Saved entries
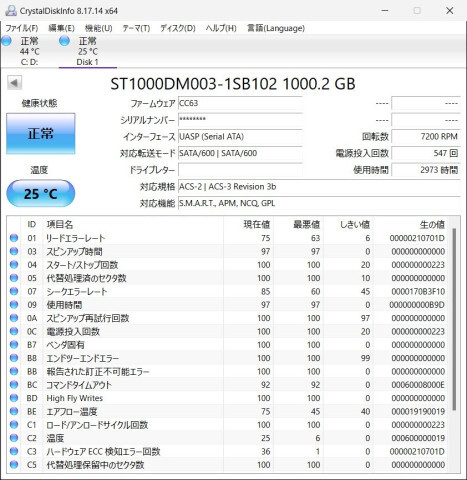 Crystal DiskInfoで確認(2024.01.16)
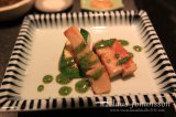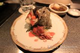 Ensimmäinen meille tarjoiltu ruoka oli alkuruoan virkaa toimittava simpukka, joka oli täytetty kotilon lisäksi hedelmäisellä salaatilla. Lisäksi mukana oli kaksi raakana tarjoiltavaa mini-mustekalaa. Nam. Pienen empimisen jälkeen kaikki edellämainittu saatiin kuitenkin syötyä. Seuraavaksi eteemme tuotiin erilaisia pieniä asetelmia salaattia sekä pieniä lihanpaloja. Niitä mutustellessamme kokki toi paikalle itse pääasian, eli ison klöntin Koben härkää. Raaka liha esiteltiin meille, jotta voisimme hyväksyä sen käytön ateriamme tekoon. Punertava liha oli todellakin ”marmorinen” eli rasvajuonteet kulkivat pitkin sitä kaikkiin suuntiin. Ei-mihinkään perustuvan hyväksynnän annettuamme, lihanpala puolitettiin ja laitettiin paistolevylle, mistä alkoi ihanan kuuloinen tirinä. Lihan saatua jonkin verran ruskeaa väriä, se pilkottiin pieniin kuutioihin, joita sitten annosteltiin lautasellemme sienien, valkosipulilastujen sekä monenlaisen salaattimme kanssa nautittavaksi.
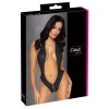 Stunning bodysuit from Cottelli PARTY in an elegant matte black finish, with a provocative open front and completely bare back. The halterneck neckline with collar and zip fastening above the pubic area add a sophisticated and daring touch. The back is enhanced by intertwined elastic bands, joined by a silver ring that completes the design.
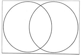 Consider next, the popular Venn Diagram used for compare and contrast exercises. Of all the organizers, this is one that may require students to have little practice to get perfect, however, is the symmetry of shape what teachers want students to notice about the Venn Diagram? That there are two perfect circles overlapping with a shared oval in the center? The problem with two perfect circles of equal size and shape is the implication that when an object or topic is compared and contrasted, the information is also equitable. On a prepared Venn Diagram, there is exactly the same amount of space on each side for the purpose of contrast, but there is a smaller, cramped center for comparable attributes. Perhaps a student can practice some freehand circle creation, find out how to use a protractor, or use some object -a water bottle? cup? paper plate?-to trace a circle. What students should not fret about is how to draw two perfect circles, because the Venn Diagram functions as an organizer even with lopsided ellipses.
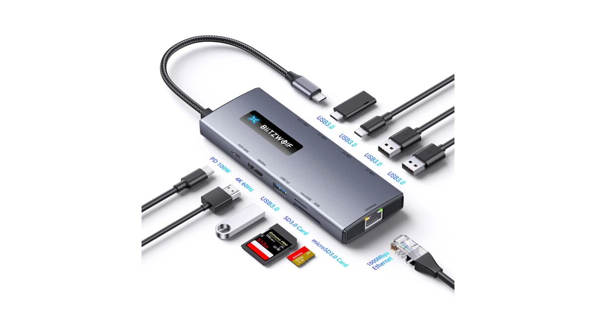 BlitzWolf BW-NEW-TH8 Hub USB 10 în 1: 1x HDMI 4K@60HZ, 5x USB 3.0, 1x RJ45, Power Delivery: 100W, cititor de carduri SD/TF Descriere

TASK TO COMPLETE
The job is to copy all the records precisely while omitting any picture.

ANSWER SPACE
 Crystal DiskInfoで確認(2024.01.16)
 Ensimmäinen meille tarjoiltu ruoka oli alkuruoan virkaa toimittava simpukka, joka oli täytetty kotilon lisäksi hedelmäisellä salaatilla. Lisäksi mukana oli kaksi raakana tarjoiltavaa mini-mustekalaa. Nam. Pienen empimisen jälkeen kaikki edellämainittu saatiin kuitenkin syötyä. Seuraavaksi eteemme tuotiin erilaisia pieniä asetelmia salaattia sekä pieniä lihanpaloja. Niitä mutustellessamme kokki toi paikalle itse pääasian, eli ison klöntin Koben härkää. Raaka liha esiteltiin meille, jotta voisimme hyväksyä sen käytön ateriamme tekoon. Punertava liha oli todellakin ”marmorinen” eli rasvajuonteet kulkivat pitkin sitä kaikkiin suuntiin. Ei-mihinkään perustuvan hyväksynnän annettuamme, lihanpala puolitettiin ja laitettiin paistolevylle, mistä alkoi ihanan kuuloinen tirinä. Lihan saatua jonkin verran ruskeaa väriä, se pilkottiin pieniin kuutioihin, joita sitten annosteltiin lautasellemme sienien, valkosipulilastujen sekä monenlaisen salaattimme kanssa nautittavaksi.
 Stunning bodysuit from Cottelli PARTY in an elegant matte black finish, with a provocative open front and completely bare back. The halterneck neckline with collar and zip fastening above the pubic area add a sophisticated and daring touch. The back is enhanced by intertwined elastic bands, joined by a silver ring that completes the design.
 Consider next, the popular Venn Diagram used for compare and contrast exercises. Of all the organizers, this is one that may require students to have little practice to get perfect, however, is the symmetry of shape what teachers want students to notice about the Venn Diagram? That there are two perfect circles overlapping with a shared oval in the center? The problem with two perfect circles of equal size and shape is the implication that when an object or topic is compared and contrasted, the information is also equitable. On a prepared Venn Diagram, there is exactly the same amount of space on each side for the purpose of contrast, but there is a smaller, cramped center for comparable attributes. Perhaps a student can practice some freehand circle creation, find out how to use a protractor, or use some object -a water bottle? cup? paper plate?-to trace a circle. What students should not fret about is how to draw two perfect circles, because the Venn Diagram functions as an organizer even with lopsided ellipses.
 BlitzWolf BW-NEW-TH8 Hub USB 10 în 1: 1x HDMI 4K@60HZ, 5x USB 3.0, 1x RJ45, Power Delivery: 100W, cititor de carduri SD/TF Descriere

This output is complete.